Do you often wake up with small sores on your tongue or cheeks? Do you observe the formation of small bumps on the soft tissues in your mouth after eating? In this case, we can talk not about a bad habit, but about the possible development of a chronic disease. Don’t understand why constant cheek biting requires consultation with a specialist, and don’t believe in the serious consequences of ignoring the problem? But in vain, according to statistics, frequent, chronic injuries to the mucous membrane can become a factor in the development of precancerous diseases. In addition to the loss of the aesthetic appearance of the tongue and cheeks, they threaten to deteriorate their overall health.

general information

Epilepsy attacks have been known to people for a very long time. It was either mistaken for demonic possession or associated with a person’s special talent. Today, one or another form of pathology is observed in 10 people out of 1000. Symptoms can occur in newborns and the elderly, in men and women with the same frequency. Moreover, similar processes occur in the central nervous system of some animals, for example, dogs.
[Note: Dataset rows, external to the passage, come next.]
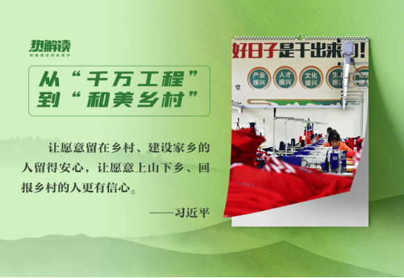 央视网《热解读》栏目特别策划“从‘千万工程’到‘和美乡村’”系列解读文章,紧扣乡村振兴战略“产业兴旺、生态宜居、乡风文明、治理有效、生活富裕”总要求,全面展现新时代中国多措并举建设宜居宜业和美乡村的生动实践。
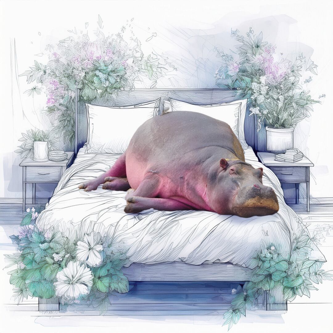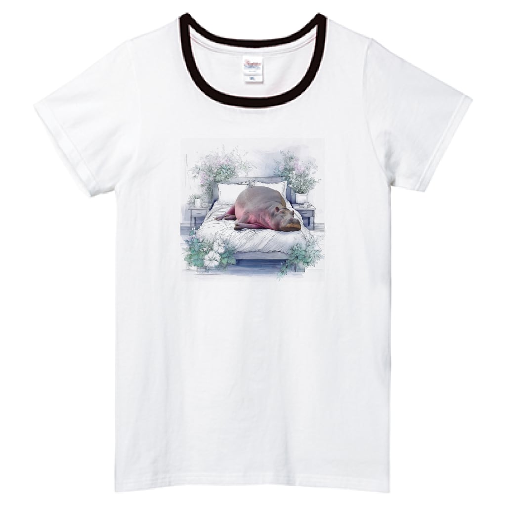 **Printstar ヘビーウェイトTシャツ (レディース) ブラック x ホワイト ベッドで寝ているカバ**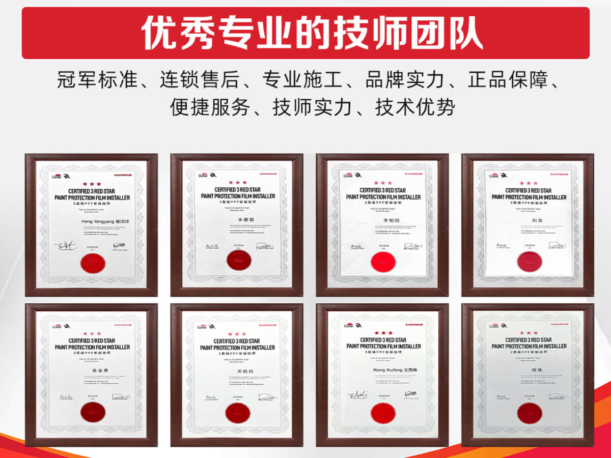 3、施工技术和经验:技师的经验和技术水平直接影响到贴膜的效果和耐用性。例如,车艺尚西安龙膜旗舰店的技师均由龙膜总部统一配送,平均工龄长达9年,拥有数千辆车的施工经验 。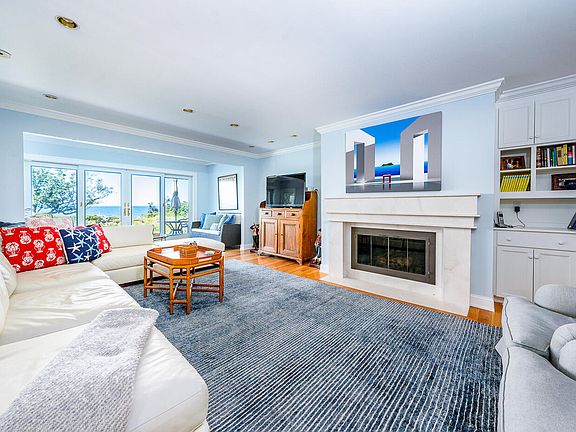 Outstanding oceanfront Sears Point condo with incredible views of Cape Cod Bay and just steps to the private beach. Enjoy the view and lovely lawn setting from the handsome, expansive deck. This beautiful three-bedroom unit uniquely features the exceptional workmanship of up-to-date renovations including the expansion of the lower level. The main level has an open floor plan with dining area and great room. The well-equipped kitchen features granite countertops; island with gas stove top and seating; butler's pantry with wet bar, built in wine & beverage coolers. The primary bedroom has views and a private bathroom. A guest bedroom is on the main floor with a hall bathroom. The lower level has high ceilings, sitting room area, 3rd bedroom with adjoining private bathroom. Amenities include hardwood floors, gas fireplace, built-ins, striking staircase to the lower level, 2022 AC replacement, 2021 gas furnace and garage. Sears Point offers acres of grounds, a private beach, pool and tennis courts.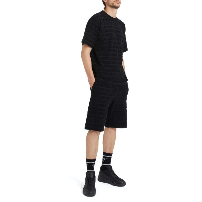 - Black terry cloth fabric with ‘Signature’ details (100% CO)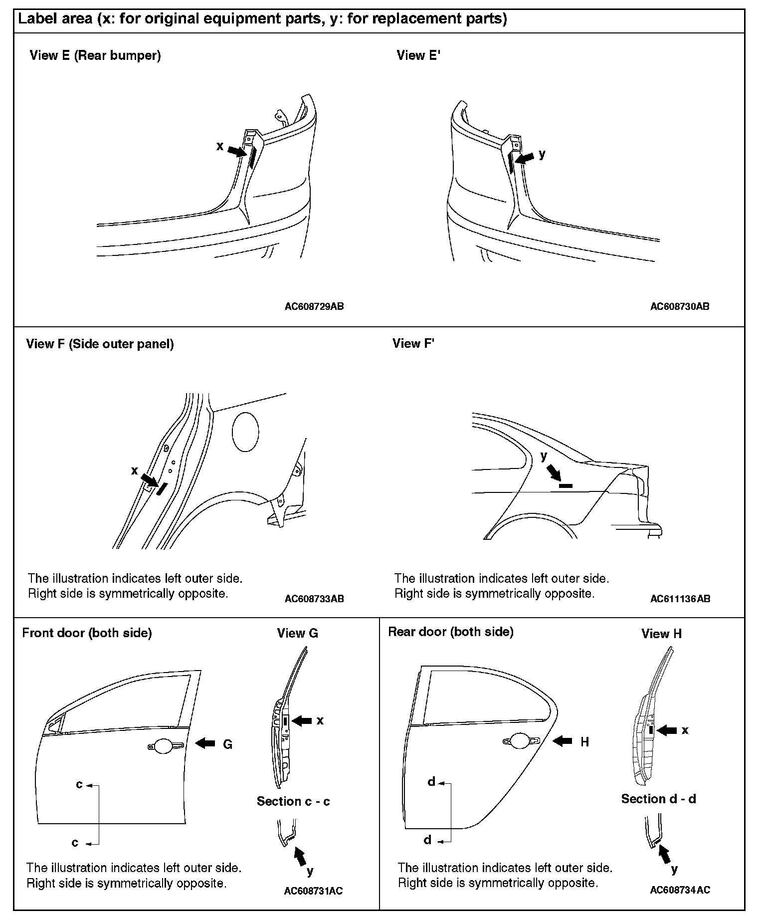 ^ When repainting original parts, do so after first masking the theft-protection label. After painting, be sure to peel off the masking tape.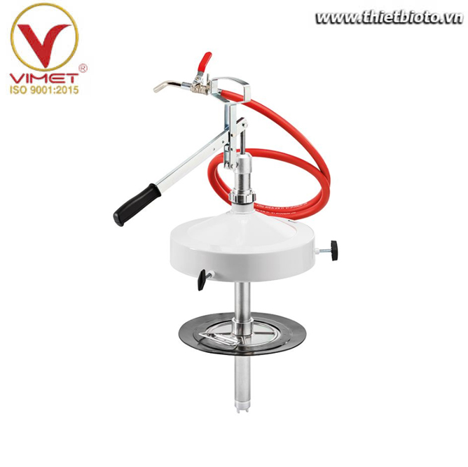 . Bơm được thiết kế với van bi lò xo di chuyển trong ống thép và được bảo vệ với thùng chứa mỡ bên ngoài, tay cầm bằng thép có thể nâng lên hạ xuống.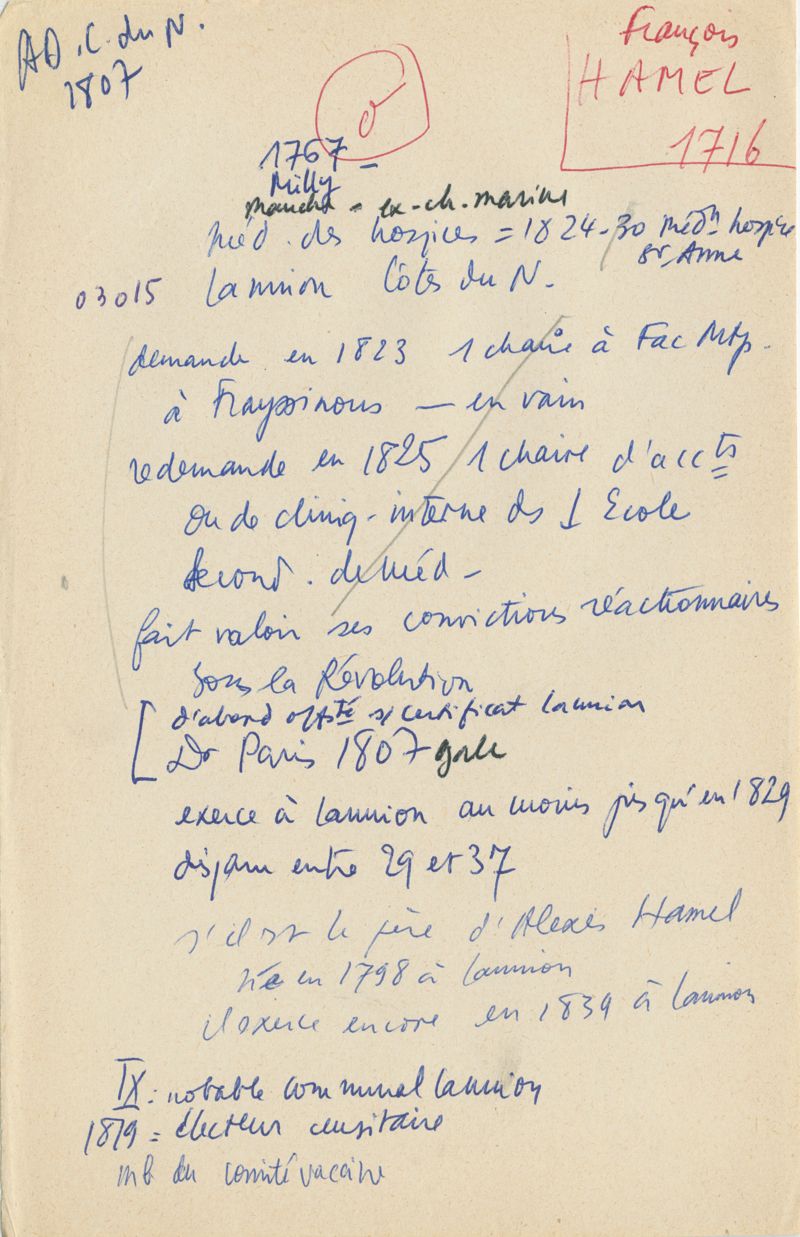 Papiers scientifiques de Jacques Léonard (1935-1988) : boîtes contenant par ordre alphabétique 3716 fiches biographiques portant sur des médecins de l'ouest de la France au XIXe siècle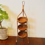 アジアン家具 木製 バリ ♪ロンボク島ラタンバスケット棚(筒形3段Sサイズ)♪ おしゃれ バスケットラック オープンラック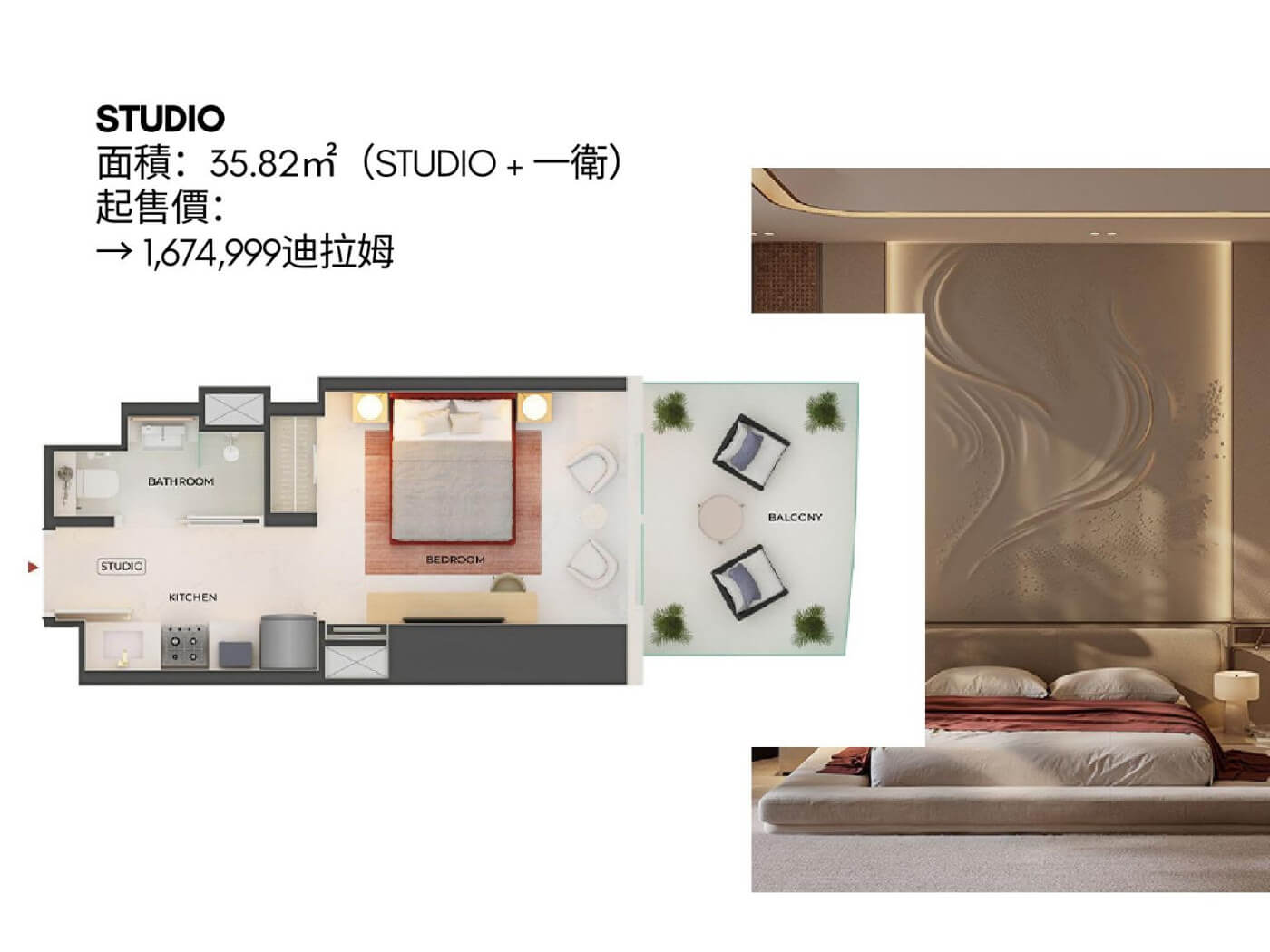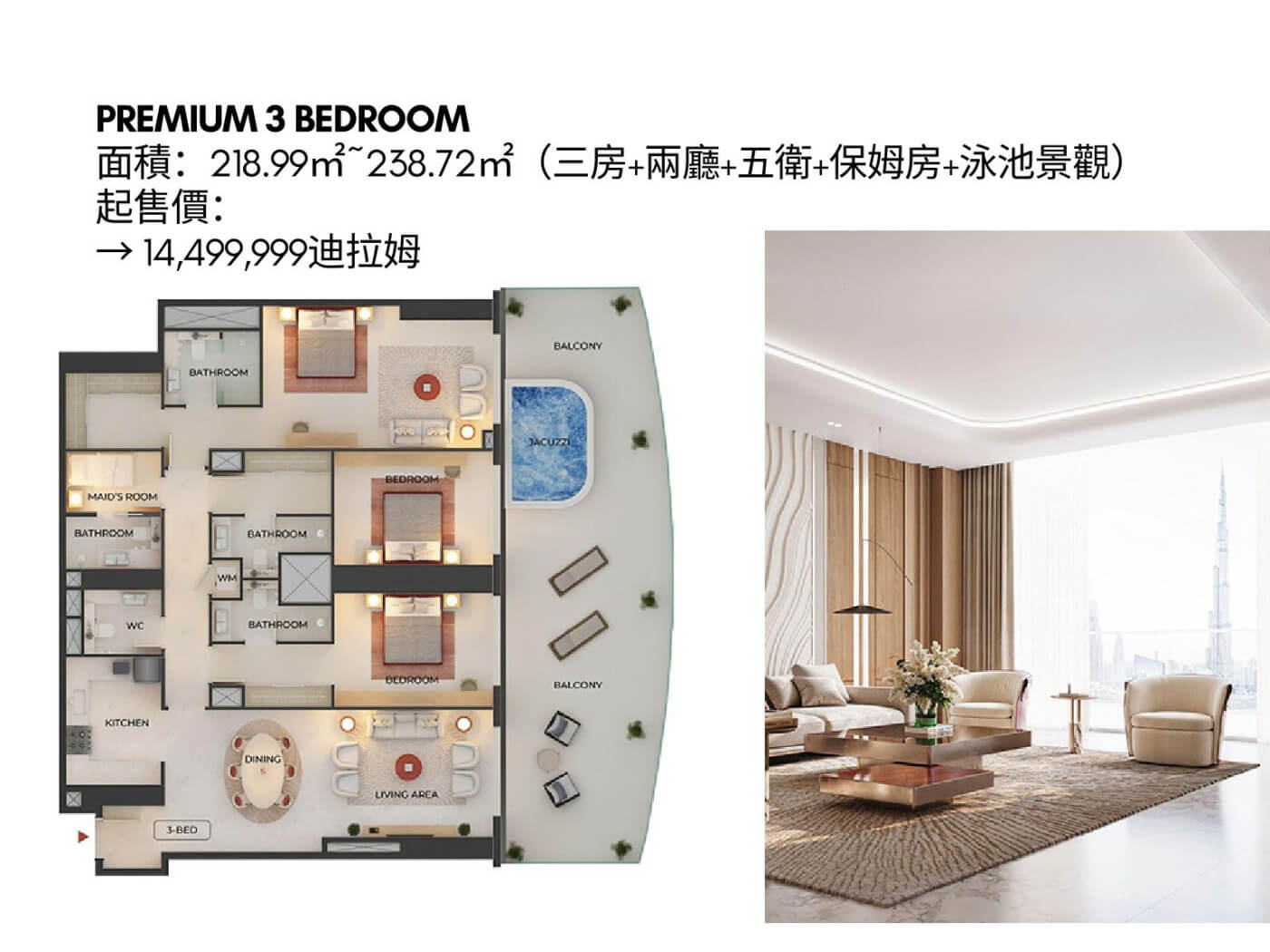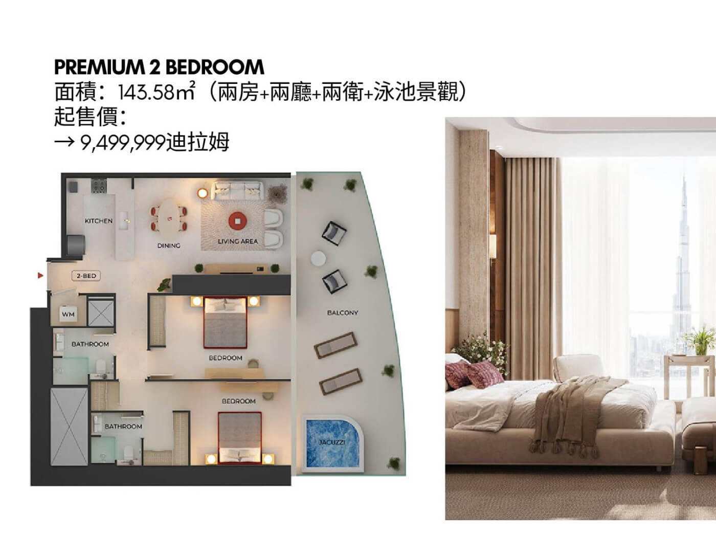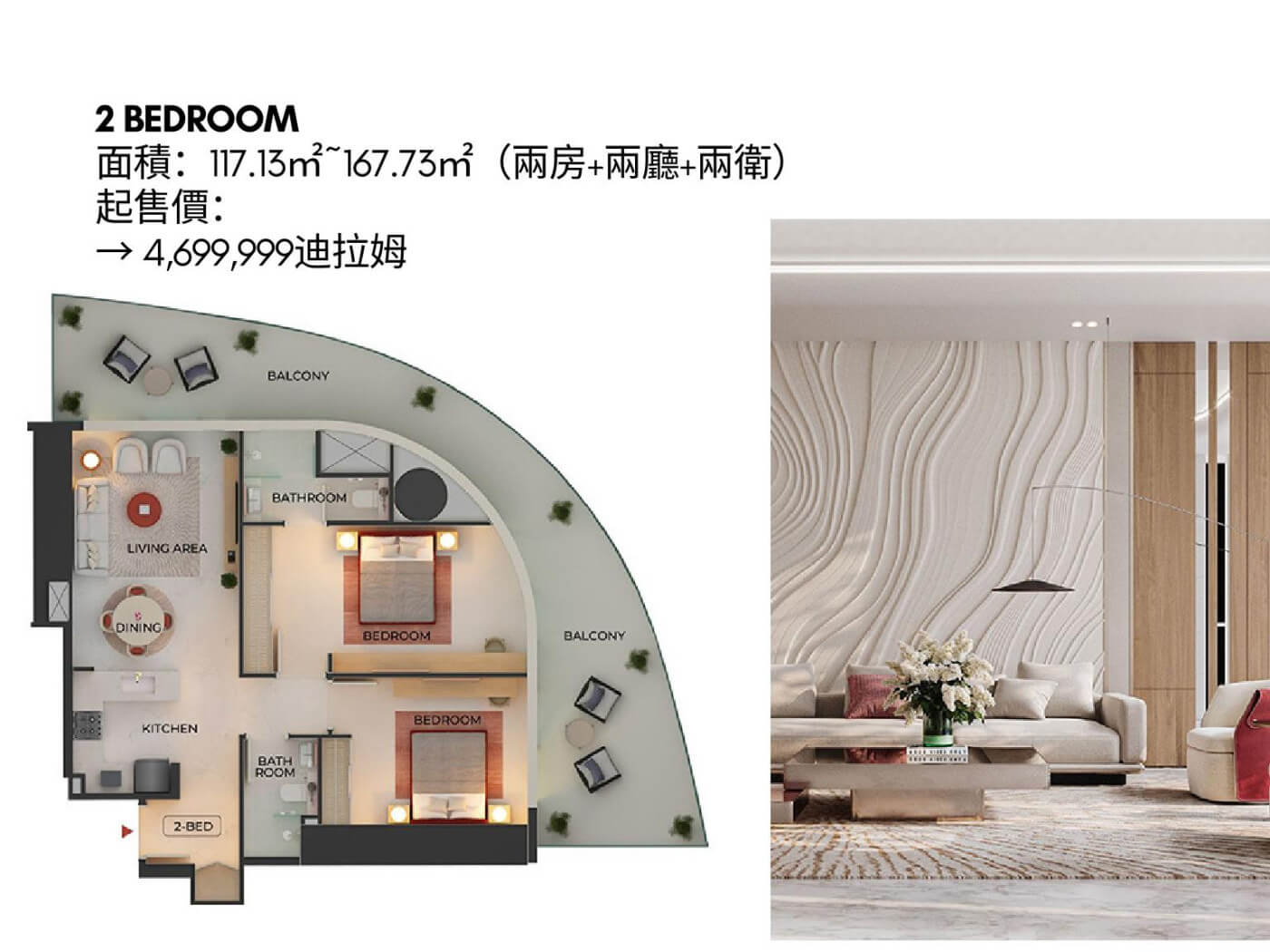 | 售價 | AED167萬起 | 付款方式 | 提供 60/40 或 70/30 彈性付款計畫 |

The main mechanism for the occurrence of attacks is the synchronization of the work of all nerve cells in a certain area. It is called an epileptogenic focus and determines the set of symptoms and their severity. Contrary to popular belief, the disease is not limited to seizures with loss of consciousness. There are a large number of variants of seizures with varied symptoms, depending on the area of ​​the brain in which the pathological focus occurs.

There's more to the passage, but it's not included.